Coimbra Breast Cancer Study
This dataset presents a comprehensive exploration of clinical features observed or measured for 64 patients with breast cancer and 52 healthy controls. The dataset encompasses both quantitative attributes and corresponding labels for effective analysis and modeling.
Quantitative Attributes:
- Age (years): Age of the individuals.
- BMI (kg/m²): Body Mass Index, a measure of body fat based on weight and height.
- Glucose (mg/dL): Blood glucose levels, an important metabolic indicator.
- Insulin (µU/mL): Insulin levels, a hormone related to glucose regulation.
- HOMA: Homeostatic Model Assessment, a method for assessing insulin resistance and beta-cell function.
- Leptin (ng/mL): Leptin levels, a hormone involved in regulating appetite and energy balance.
- Adiponectin (µg/mL): Adiponectin levels, a protein associated with metabolic regulation.
- Resistin (ng/mL): Resistin levels, a protein implicated in insulin resistance.
- MCP-1 (pg/dL): Monocyte Chemoattractant Protein-1, a cytokine involved in inflammation.
Labels:
1: Healthy controls
2: Patients with breast cancer
This dataset serves as a valuable resource for researchers and healthcare professionals aiming to analyze the intricate relationship between clinical attributes and breast cancer. The inclusion of quantitative measures provides a detailed perspective, enabling the development of predictive models and the identification of potential biomarkers associated with breast cancer.

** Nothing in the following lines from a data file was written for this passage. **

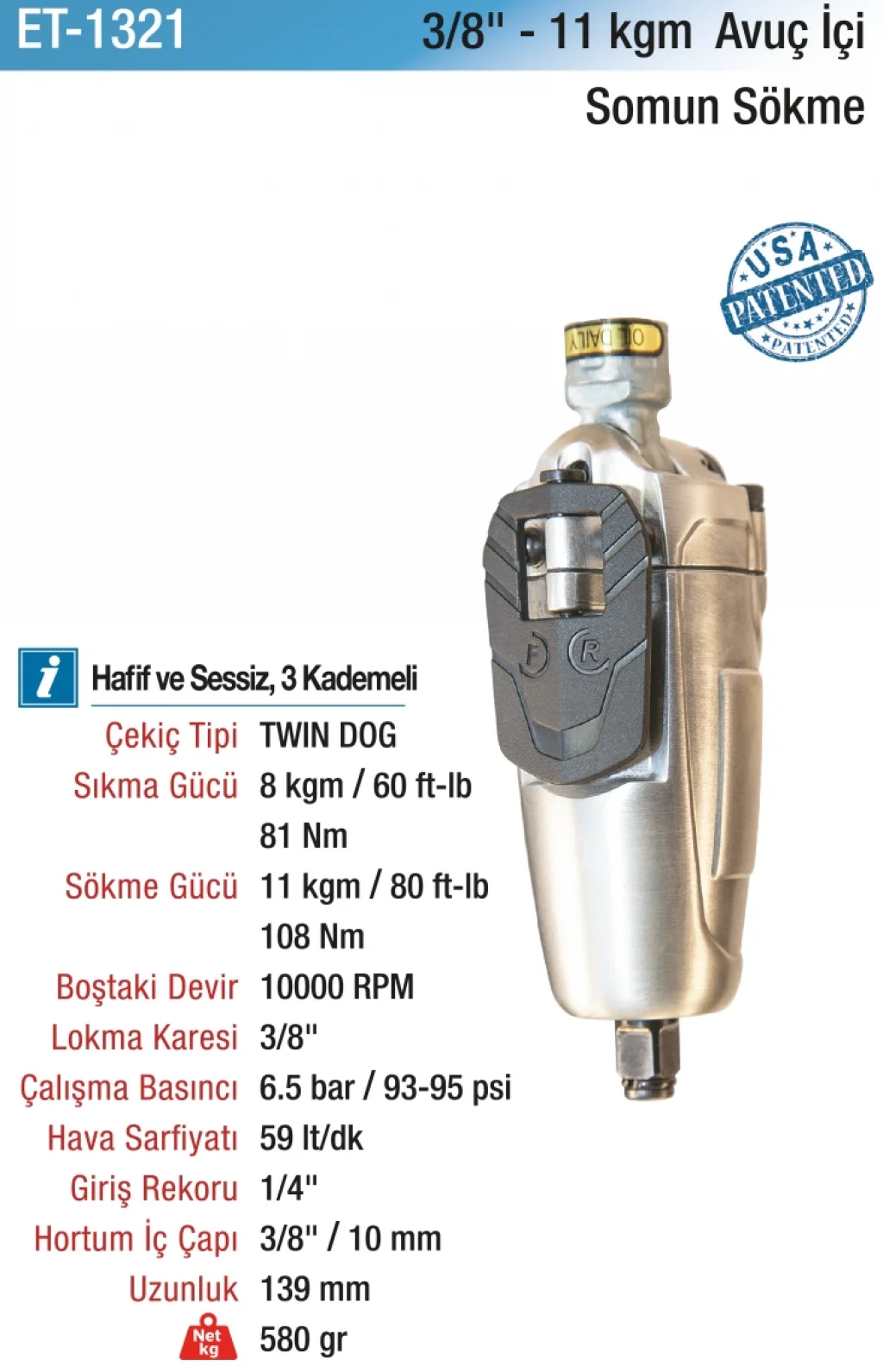| Sıkma Gücü | 8 kgm / 60 ft-lb / 81 Nm | |
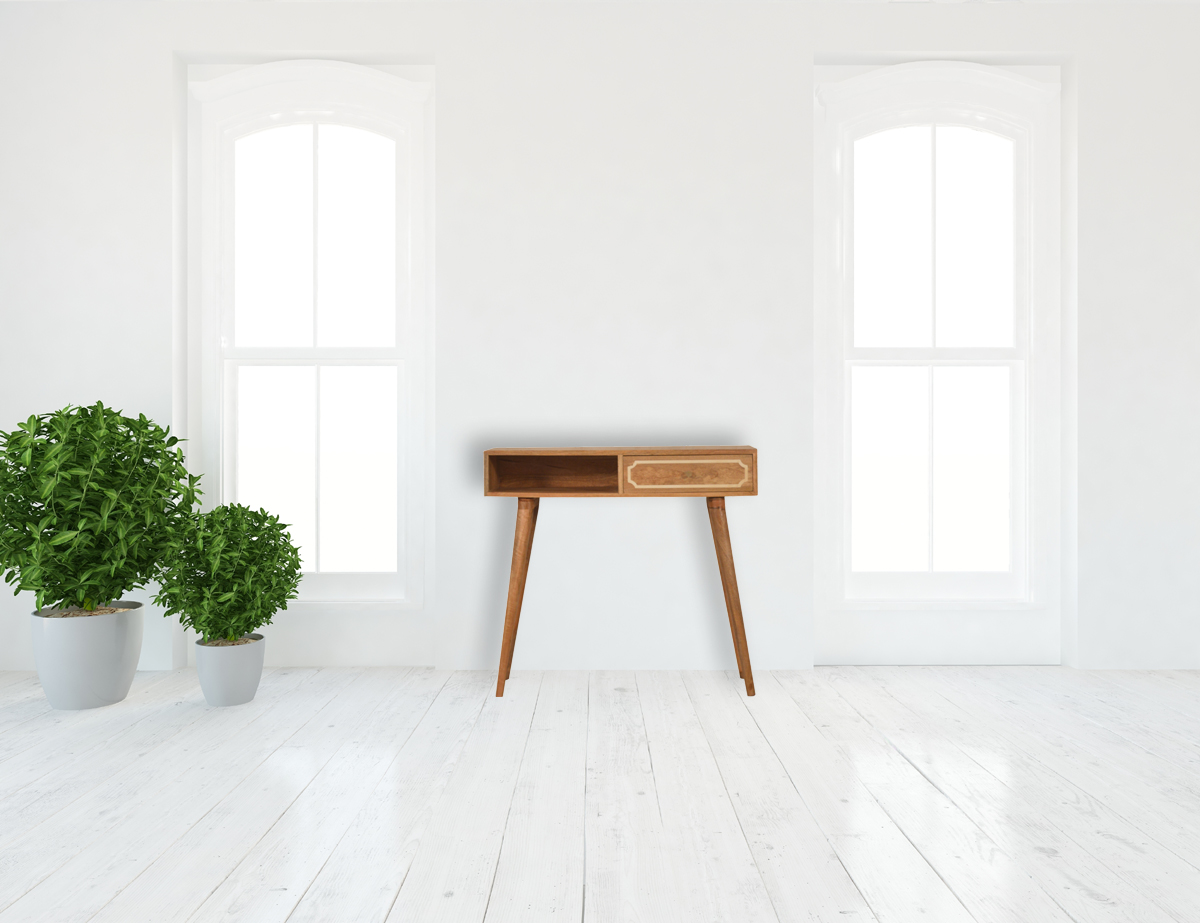 Constructed from 100% solid mango wood this desk features both a open slot and a drawer suitable for working and studying from home. It has a sleek compact design with nordic style legs and a shiny brass knob.
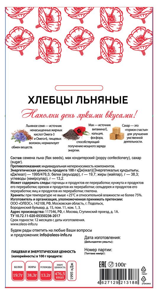 - Ингредиенты Семена льна, мак кондитерский, сахар

Researchers can leverage this dataset to explore patterns, correlations, and insights that contribute to a better understanding of the factors influencing breast cancer. The clear labeling facilitates supervised learning tasks, making it a versatile dataset for both exploratory analysis and the development of machine learning models in the domain of breast cancer research.